Let us not forget that just as the sun will rise again bringing the light, so the night will fall again bringing the darkness. In life, the darkness occurs whenever I try to control something that I cannot control. For example, this morning I wanted to stand up on a surfboard and ride a wave. However the Ocean had other plans. There were no rideable waves. The more I tried, the darker the situation became. I noticed the waves were breaking nicely near the shoreline, but I knew that those waves would crush me into the hard ocean floor because there was not enough water to cushion my fall. I felt the darkness of an impossible situation. If I over-controlled to achieve my desire, I would risk severe injury. I screamed at Mother Earth in rage.

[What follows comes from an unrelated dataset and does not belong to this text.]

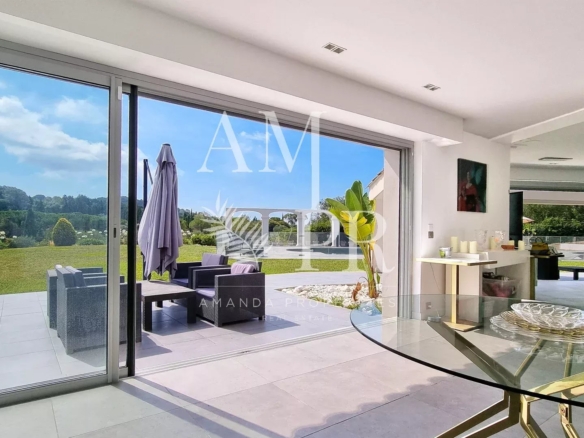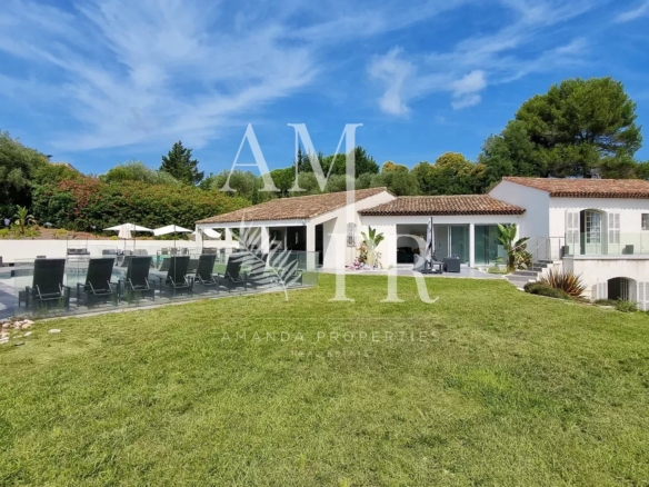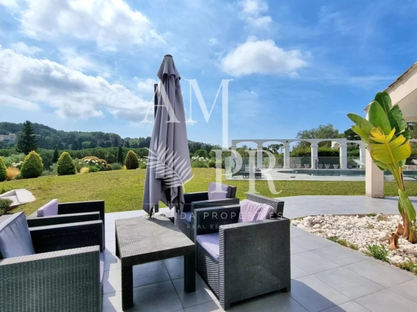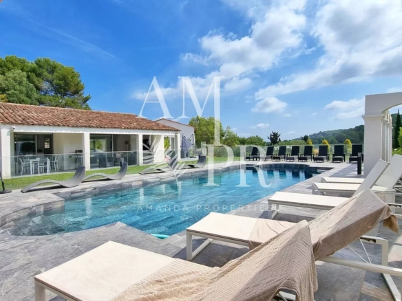 SOLE AGENT: Contemporary villa for sale in a gated estate in Mougins – Located in one of Mougins’ most prestigious domains this house offers spacious living inside and out. WIth 5 bedrooms including a lovely master suite which opens out with a lovely view over the gardens. This villa makes aperfect family home on 5000 m2 of flat land with plenty of space for entertaining and enjoying outdoor living. The main living area is located in the heart of the home with an amazing open plan flow throughout the interior and out onto the terraces and patios. The swimming pool is located at a very comfortable distance from the main living area an there is an additional smaller sized pool for the children

It is critically important for recovering people to realize that there will be times where we are lost again. Don't panic and try to take control. The first instinct of an addict is to control until there is a bad result. If we fail to accept that which we cannot control, our next instinct is to pick up a drink or other drug to escape from the darkness. The correct way to deal with the return of the dark night of the soul is to use a spiritual tool like acceptance, to surrender gracefully, what is commonly referred to in AA as "letting go." Today, I do not fear the return of the dark night of the soul. I recognize that it is borne from my trying to control something that I cannot control.

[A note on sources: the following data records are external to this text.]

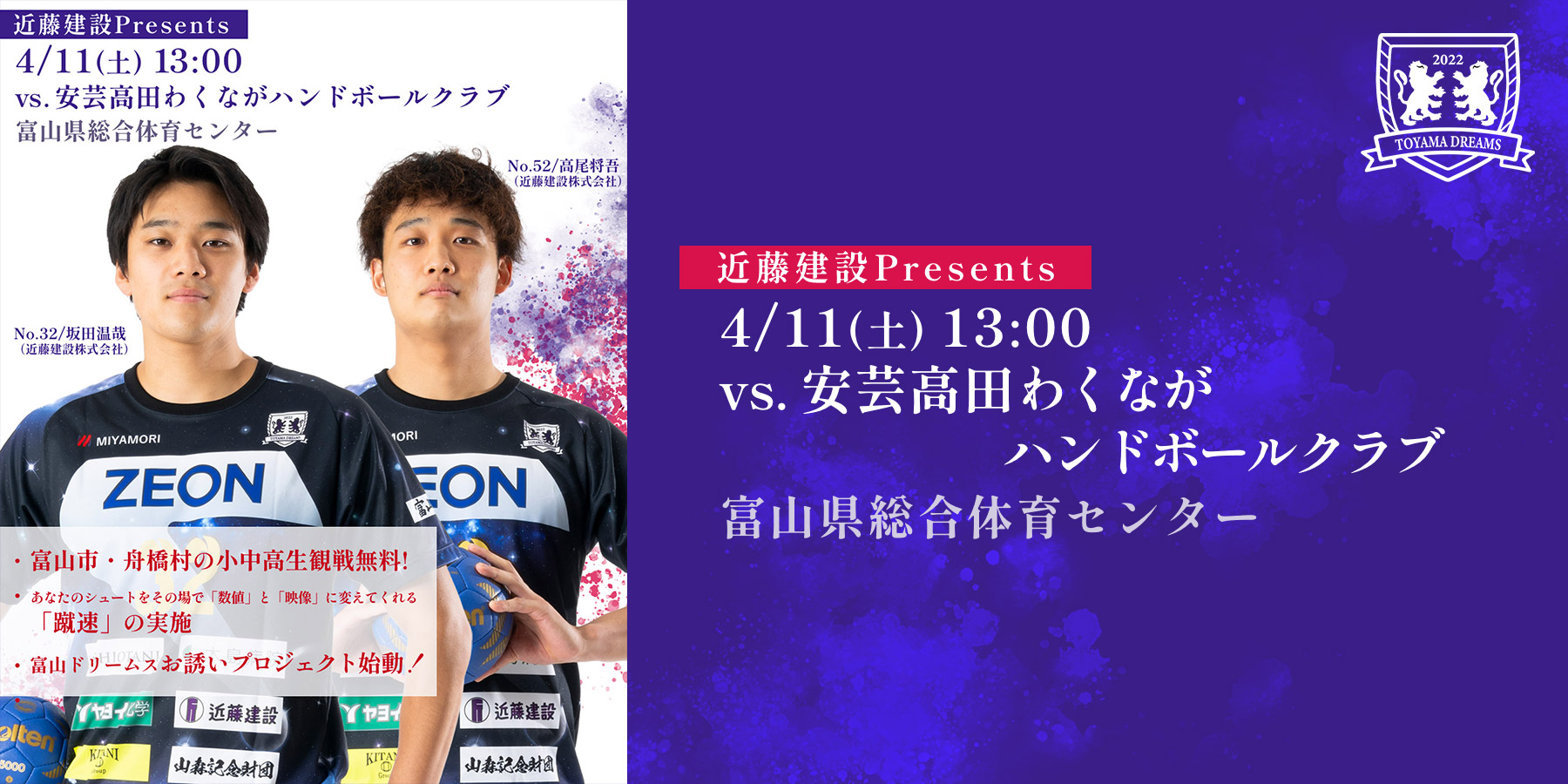 4/11(SAT) 13:00【近藤建設Presents】vs. 安芸高田わくながハンドボールクラブ…
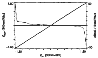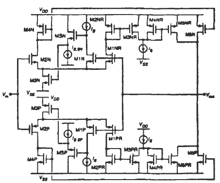 因此,這種緩沖器的工作過程可以這樣詳細描述如下:當(dāng)輸入信號Vin,在中部電源電壓區(qū),兩個輸入對MIP~M2P和MlN—M2N是有效的,M4P-M5P和M4N--M5N鏡像一個等于IB的電流到輸出支路。而且,電流IB的復(fù)制品通過晶體管MIPR(M1NR)和M2PR—M3PR(MlNR—M2NR)拷貝,給輸出支路底部的附加電路的電流源提供電流。因此,晶體管M4P和M5P(M4N和M5N)關(guān)斷,而且對輸出電流沒有任何貢獻。輸入信號接近VDD時,PMOS輸入對關(guān)斷,而且反相輸入支路的復(fù)制品等等都關(guān)斷。MIPR--M3PR不對輸出支路的附加電路發(fā)送任何電流。這樣的話,M4PR和M5PR導(dǎo)通,從輸出支路吸收等于IB的電流,維持緩沖器是導(dǎo)通的。當(dāng)輸入信號Vin接近VSS時,類似的情況也會發(fā)生。
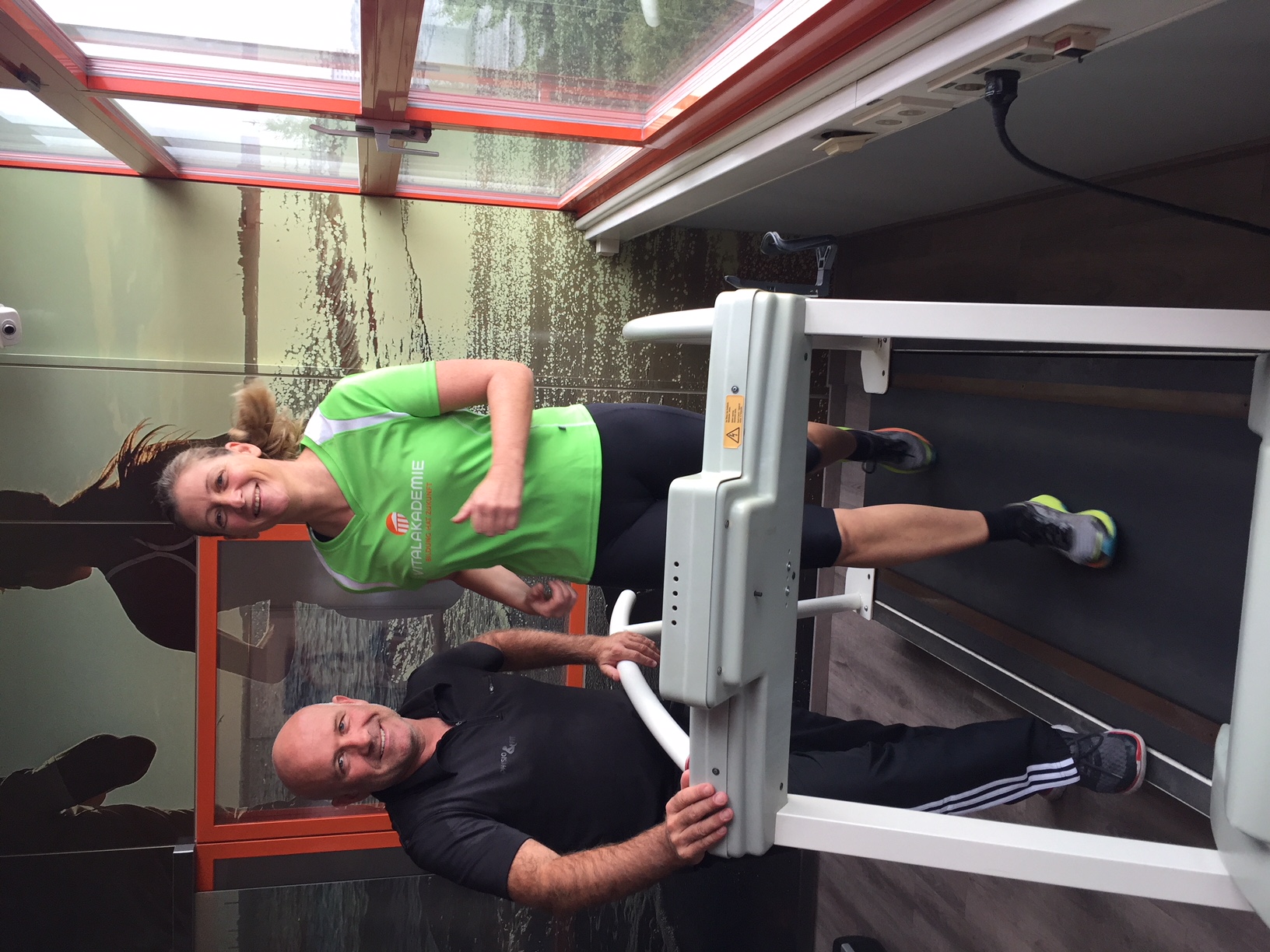 Nachdem sich die Gruppe formiert hatte, kam die Bestandsaufnahme, die Zieldefinition und das „Loslegen“. Zur Bestandsaufnahme gehörten eine genaue Messung der Körperzusammensetzung mithilfe der BIA (Bioimpedanzanalyse), ein Laufband-Conconi-Leistungstest und eine Fußanalyse mit entsprechender Schuhempfehlung. Die Neu-, bzw. Wiedereinsteiger haben sich zudem ärztlich durchchecken lassen. Mit all diesen Informationen ausgestattet, wurden individuelle Trainings- und Ernährungspläne gestaltet. „Außerdem hat jetzt jeder von uns eine realistischere Selbsteinschätzung, was eine mögliche Finisher-Zeit für den Halbmarathon betrifft. Wenn unsere ersten Zielformulierungen noch eher Wunschvorstellungen waren, so sind es jetzt konkrete, erreichbare Ziele. Das motiviert gewaltig!“, so Karin Musch.

Today I will not fear the darkness. I will recognize that it occurs when I do not have a solution to something that I cannot control...what AA members call, "handing over the towel but hanging onto the label." In such cases, I will relax and breathe and perhaps take a quick peronal inventory as to why I am trying to control something that I cannot. Is it that my ego is telling me I need to accomplish something to raise my low self esteem? Is it my need to appear a certain way to someone else? Am I being impatient? Always the solution lies in exercising a spiritual principle like being grateful for the problems that I am able to choose today because I am sober...like helping someone else...like being flexible in my plans...These solutions are what the Taoists call "non-doing" or "Wu-Wei"...the essence of letting go...Knowing one cannot control the ocean keeps one sober and serene and able to return to the sea perhaps on another day when the ocean is more accomodating. And if the ocean is never accomodating, the important thing is I didn't get drunk, stoned, or jeopardize my life.